TRUVADA (emtricitabine and tenofovir disoproxil fumarate) is a two-drug formulation of nucleoside analog reverse transcriptase inhibitors (NRTI), used for the treatment of HIV-1 infection, in combination with other antiretroviral drugs.
Dosing & Administration
TRUVADA is indicated for the treatment of HIV-1 infection in adults and children weighing 17kg or more. TRUVADA is also indicated for pre-exposure HIV-1 prophylaxis (PrEP) for sexual contact for at-risk adults and adolescents weighing at least 35kg. Off-label uses include post-exposure HIV-1 prophylaxis in occupational / non-occupational settings, including after sexual assault. Dosages details based on patient weight are in the package insert.
TRUVADA should not be taken for PrEP if the patient is positive for HIV-1 infection or HIV-1 status is unknown. TRUVADA itself is not a complete treatment for HIV-1 since other medications are necessary to be taken with it.

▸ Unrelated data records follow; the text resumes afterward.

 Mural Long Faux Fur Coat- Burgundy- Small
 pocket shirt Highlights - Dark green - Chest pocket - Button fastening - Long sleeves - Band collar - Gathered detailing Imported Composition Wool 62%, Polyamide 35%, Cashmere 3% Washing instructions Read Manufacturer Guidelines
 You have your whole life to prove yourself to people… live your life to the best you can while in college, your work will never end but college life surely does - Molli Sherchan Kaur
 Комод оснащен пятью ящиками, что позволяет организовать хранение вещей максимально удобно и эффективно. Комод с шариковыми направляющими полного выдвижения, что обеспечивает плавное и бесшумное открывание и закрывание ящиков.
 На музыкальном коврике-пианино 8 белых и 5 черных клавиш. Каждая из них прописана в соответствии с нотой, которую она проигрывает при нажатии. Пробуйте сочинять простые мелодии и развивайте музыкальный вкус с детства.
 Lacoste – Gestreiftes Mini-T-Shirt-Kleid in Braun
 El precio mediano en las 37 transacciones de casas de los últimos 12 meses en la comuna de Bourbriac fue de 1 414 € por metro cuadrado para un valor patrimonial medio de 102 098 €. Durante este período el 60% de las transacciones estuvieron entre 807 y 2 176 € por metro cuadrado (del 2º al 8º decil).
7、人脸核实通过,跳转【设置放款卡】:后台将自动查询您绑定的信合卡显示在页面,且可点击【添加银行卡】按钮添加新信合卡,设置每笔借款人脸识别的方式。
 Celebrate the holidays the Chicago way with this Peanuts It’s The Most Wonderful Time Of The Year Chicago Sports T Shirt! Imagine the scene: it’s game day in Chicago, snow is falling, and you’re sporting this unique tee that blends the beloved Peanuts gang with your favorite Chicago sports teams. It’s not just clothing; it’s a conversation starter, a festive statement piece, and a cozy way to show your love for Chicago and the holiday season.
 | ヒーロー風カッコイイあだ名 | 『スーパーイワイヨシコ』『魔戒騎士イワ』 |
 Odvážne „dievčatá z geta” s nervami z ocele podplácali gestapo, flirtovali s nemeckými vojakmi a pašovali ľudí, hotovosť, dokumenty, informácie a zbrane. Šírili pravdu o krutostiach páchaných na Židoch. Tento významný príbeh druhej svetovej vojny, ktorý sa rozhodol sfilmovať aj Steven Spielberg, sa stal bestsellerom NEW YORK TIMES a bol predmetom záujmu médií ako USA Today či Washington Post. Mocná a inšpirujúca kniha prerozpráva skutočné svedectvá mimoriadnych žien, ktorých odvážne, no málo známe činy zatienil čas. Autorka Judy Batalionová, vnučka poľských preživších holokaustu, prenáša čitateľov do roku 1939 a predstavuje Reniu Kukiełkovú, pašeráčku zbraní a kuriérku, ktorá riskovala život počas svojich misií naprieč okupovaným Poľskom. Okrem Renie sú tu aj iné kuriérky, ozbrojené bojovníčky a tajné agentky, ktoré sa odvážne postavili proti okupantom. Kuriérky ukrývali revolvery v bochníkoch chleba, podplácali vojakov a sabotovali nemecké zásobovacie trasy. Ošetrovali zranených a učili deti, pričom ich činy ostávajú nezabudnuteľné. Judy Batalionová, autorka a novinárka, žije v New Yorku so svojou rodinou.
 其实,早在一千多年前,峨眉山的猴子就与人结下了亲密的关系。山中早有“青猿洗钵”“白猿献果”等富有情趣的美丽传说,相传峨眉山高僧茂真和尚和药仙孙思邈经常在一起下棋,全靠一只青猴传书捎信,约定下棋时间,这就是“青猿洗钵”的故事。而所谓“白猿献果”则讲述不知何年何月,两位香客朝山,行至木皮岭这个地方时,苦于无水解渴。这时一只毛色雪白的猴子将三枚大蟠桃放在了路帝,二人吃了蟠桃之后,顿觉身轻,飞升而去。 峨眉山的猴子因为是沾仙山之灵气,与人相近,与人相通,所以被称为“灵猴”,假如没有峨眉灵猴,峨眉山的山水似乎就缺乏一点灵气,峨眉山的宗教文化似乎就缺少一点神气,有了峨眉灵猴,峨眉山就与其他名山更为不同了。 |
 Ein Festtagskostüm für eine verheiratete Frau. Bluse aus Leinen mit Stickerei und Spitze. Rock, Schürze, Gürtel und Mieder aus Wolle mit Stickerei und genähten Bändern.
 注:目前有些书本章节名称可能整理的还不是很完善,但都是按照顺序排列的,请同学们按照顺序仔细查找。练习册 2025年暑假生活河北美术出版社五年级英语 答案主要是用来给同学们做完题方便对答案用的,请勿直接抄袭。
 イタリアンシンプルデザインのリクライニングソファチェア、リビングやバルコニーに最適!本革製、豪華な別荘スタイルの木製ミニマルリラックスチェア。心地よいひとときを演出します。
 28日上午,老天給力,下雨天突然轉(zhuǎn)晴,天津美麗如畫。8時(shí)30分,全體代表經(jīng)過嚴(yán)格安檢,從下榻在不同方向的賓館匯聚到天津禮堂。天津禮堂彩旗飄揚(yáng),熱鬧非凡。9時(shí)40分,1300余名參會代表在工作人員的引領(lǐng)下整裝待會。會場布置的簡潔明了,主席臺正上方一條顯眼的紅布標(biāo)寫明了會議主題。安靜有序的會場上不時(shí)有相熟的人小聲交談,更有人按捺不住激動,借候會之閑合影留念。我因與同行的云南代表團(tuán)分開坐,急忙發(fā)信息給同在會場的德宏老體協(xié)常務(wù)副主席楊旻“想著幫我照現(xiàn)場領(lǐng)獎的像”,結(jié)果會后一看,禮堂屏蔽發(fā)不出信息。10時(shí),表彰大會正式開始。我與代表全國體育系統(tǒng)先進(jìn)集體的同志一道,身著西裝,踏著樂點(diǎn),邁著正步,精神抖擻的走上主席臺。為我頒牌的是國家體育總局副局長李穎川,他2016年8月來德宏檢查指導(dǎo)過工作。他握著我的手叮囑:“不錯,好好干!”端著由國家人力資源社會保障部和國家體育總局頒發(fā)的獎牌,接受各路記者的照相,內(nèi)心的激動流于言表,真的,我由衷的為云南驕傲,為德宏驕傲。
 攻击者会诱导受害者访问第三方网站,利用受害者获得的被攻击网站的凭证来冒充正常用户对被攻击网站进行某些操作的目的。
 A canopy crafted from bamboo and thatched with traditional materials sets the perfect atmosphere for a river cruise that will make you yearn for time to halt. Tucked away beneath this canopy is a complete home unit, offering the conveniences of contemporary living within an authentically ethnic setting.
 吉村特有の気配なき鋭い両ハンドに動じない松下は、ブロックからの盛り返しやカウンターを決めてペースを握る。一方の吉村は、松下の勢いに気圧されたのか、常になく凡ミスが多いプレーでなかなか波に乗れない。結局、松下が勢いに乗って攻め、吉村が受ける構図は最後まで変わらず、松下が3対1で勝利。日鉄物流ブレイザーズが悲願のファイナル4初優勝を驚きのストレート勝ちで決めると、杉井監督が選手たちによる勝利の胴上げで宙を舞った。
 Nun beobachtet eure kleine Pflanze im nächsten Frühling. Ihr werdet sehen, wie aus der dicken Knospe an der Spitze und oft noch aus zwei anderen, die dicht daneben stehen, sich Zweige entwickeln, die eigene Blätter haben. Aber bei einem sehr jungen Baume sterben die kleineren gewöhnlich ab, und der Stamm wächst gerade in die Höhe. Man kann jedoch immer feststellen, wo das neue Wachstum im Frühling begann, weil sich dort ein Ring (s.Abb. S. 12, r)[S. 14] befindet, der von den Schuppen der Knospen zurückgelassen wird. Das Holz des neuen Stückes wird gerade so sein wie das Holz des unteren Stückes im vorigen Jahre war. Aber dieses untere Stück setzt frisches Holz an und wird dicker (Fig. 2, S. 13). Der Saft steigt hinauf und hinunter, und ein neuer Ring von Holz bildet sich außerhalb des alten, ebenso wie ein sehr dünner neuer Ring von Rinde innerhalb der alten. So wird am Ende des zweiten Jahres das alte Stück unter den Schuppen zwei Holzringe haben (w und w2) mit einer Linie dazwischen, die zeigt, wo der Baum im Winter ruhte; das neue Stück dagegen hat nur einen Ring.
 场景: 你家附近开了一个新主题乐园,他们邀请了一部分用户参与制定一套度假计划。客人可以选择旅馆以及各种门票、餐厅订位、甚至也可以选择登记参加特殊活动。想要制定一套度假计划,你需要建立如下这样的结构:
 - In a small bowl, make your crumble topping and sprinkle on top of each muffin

The most common effects are nausea, diarrhea, headache, fatigue, rash, abnormal dreams, depression, dizziness, and insomnia. Weight loss and abdominal pain are less common. A complete list of effects is in the package insert.
Severe acute hepatitis B virus (HBV) exacerbations have been reported in HBV-infected patients who have stopped TRUVADA treatment. Therefore, hepatic function should be monitored in those patients.
When using this product for HIV-1 PrEP, it must be for confirmed HIV-negative patients immediately prior to initial use and periodically during use. There have been drug-resistant HIV-1 variants with the use of TRUVADA for HIV-1 PrEP following undetected acute HIV-1 infection.
The use of this drug has been associated with new onset or worsening renal impairment including acute renal failure and Fanconi syndrome. TRUVADA should not be used concurrently or if recent use of nephrotoxic drugs has occurred.
Immune reconstitution syndrome may occur as immune systems of patients become stronger. Hidden infections may be fought and new symptoms may occur. As a result, further evaluation and treatment may be needed.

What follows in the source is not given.